**Work to complete**
Repeat word for word the lines from the top of the records through the line containing "- Weekend Cozy", and skip the pictures.

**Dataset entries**
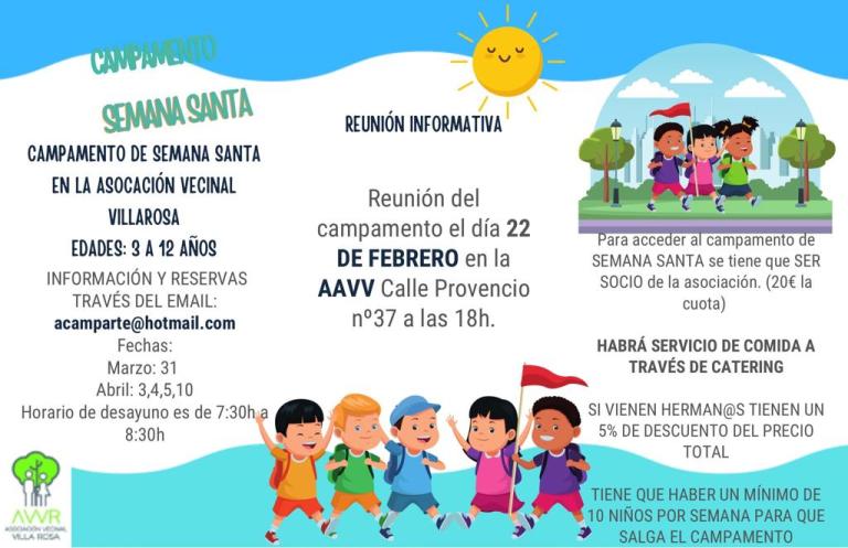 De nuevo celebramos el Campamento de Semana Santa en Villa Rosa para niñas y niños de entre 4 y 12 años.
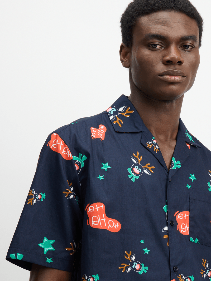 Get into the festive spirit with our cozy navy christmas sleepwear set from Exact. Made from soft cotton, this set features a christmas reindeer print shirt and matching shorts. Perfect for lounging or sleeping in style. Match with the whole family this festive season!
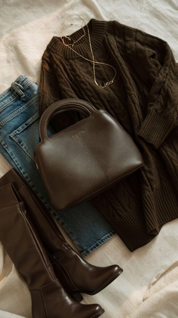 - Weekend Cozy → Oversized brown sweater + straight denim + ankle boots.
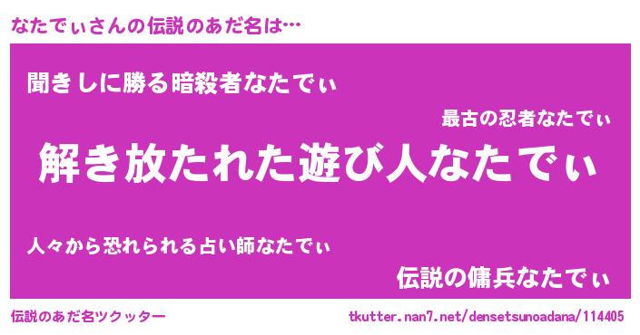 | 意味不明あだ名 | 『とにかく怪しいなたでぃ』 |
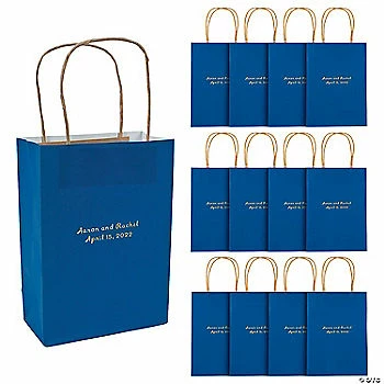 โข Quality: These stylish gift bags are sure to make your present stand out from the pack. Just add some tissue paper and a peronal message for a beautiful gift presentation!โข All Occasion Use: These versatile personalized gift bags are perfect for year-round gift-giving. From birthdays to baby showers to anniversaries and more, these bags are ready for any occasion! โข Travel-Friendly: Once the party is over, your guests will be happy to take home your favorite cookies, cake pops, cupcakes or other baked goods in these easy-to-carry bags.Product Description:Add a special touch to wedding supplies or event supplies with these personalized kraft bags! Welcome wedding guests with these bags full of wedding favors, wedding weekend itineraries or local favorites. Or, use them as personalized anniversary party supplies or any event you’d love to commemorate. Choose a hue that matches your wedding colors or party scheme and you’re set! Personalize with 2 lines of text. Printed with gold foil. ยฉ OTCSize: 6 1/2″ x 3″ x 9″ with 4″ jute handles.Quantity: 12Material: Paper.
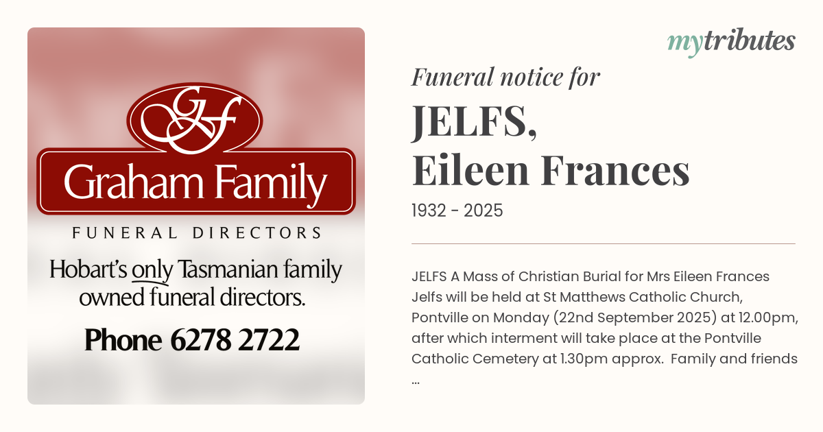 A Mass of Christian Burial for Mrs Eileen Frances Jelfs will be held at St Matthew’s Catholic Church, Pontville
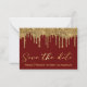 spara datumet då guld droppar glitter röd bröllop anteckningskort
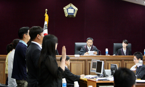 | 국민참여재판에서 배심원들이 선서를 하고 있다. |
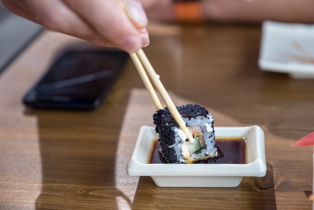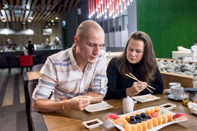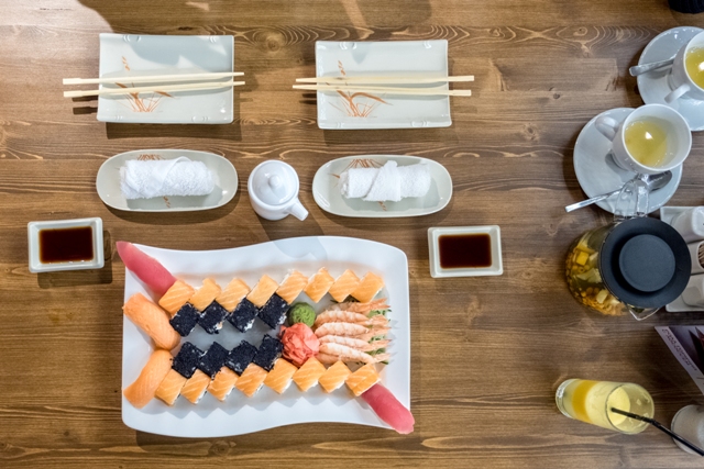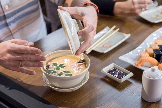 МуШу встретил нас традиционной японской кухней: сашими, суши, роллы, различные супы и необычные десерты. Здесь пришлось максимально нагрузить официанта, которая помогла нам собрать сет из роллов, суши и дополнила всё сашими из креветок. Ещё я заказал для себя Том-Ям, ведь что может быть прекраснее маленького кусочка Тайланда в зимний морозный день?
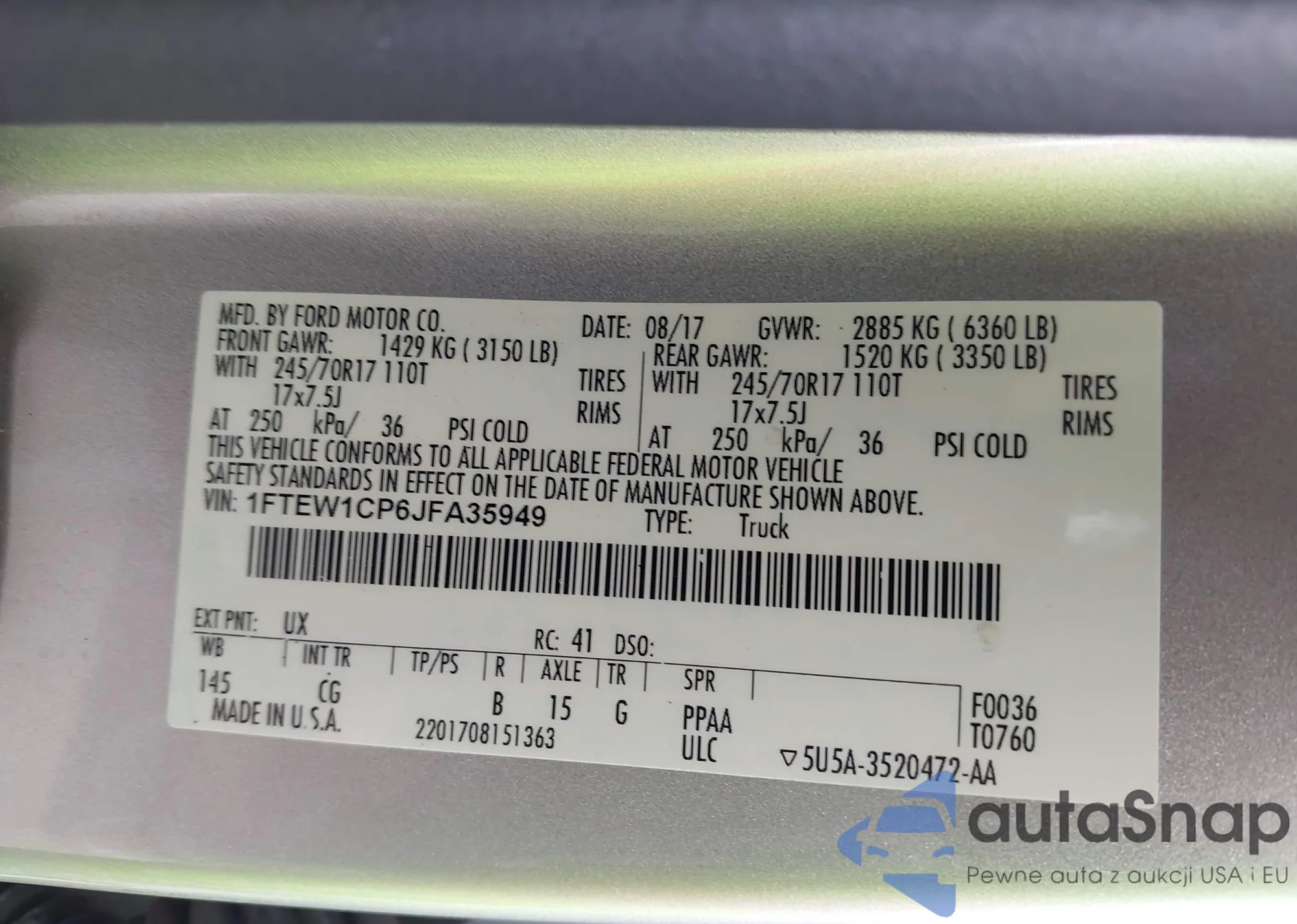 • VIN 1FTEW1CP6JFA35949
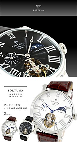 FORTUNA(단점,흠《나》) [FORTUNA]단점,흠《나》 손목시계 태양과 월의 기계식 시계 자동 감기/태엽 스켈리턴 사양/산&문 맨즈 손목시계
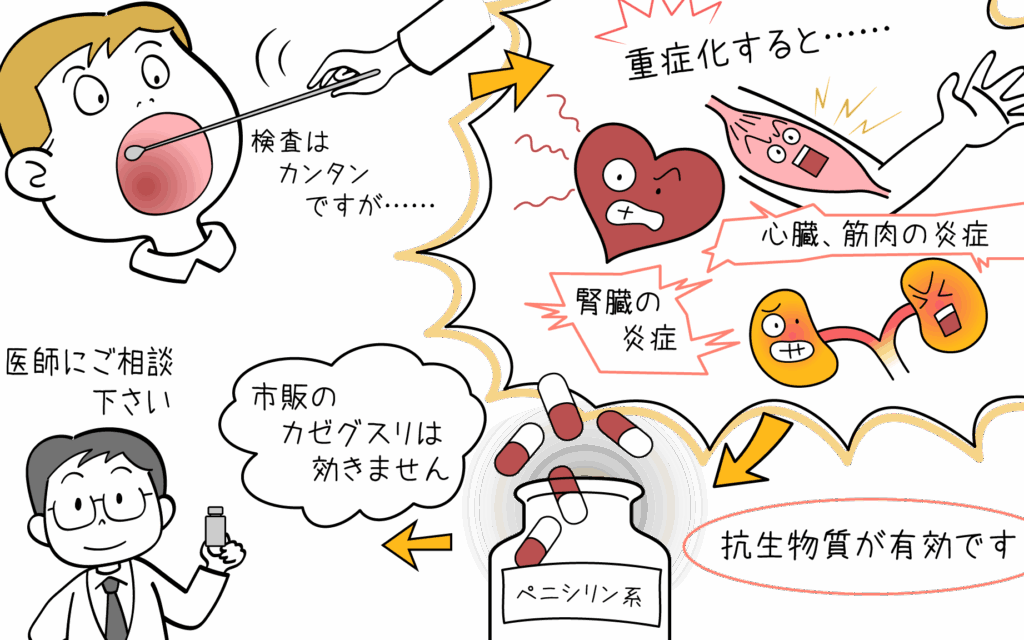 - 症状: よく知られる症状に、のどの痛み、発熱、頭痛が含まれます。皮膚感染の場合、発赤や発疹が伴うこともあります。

**Final answer**
 De nuevo celebramos el Campamento de Semana Santa en Villa Rosa para niñas y niños de entre 4 y 12 años.
 Get into the festive spirit with our cozy navy christmas sleepwear set from Exact. Made from soft cotton, this set features a christmas reindeer print shirt and matching shorts. Perfect for lounging or sleeping in style. Match with the whole family this festive season!
 - Weekend Cozy → Oversized brown sweater + straight denim + ankle boots.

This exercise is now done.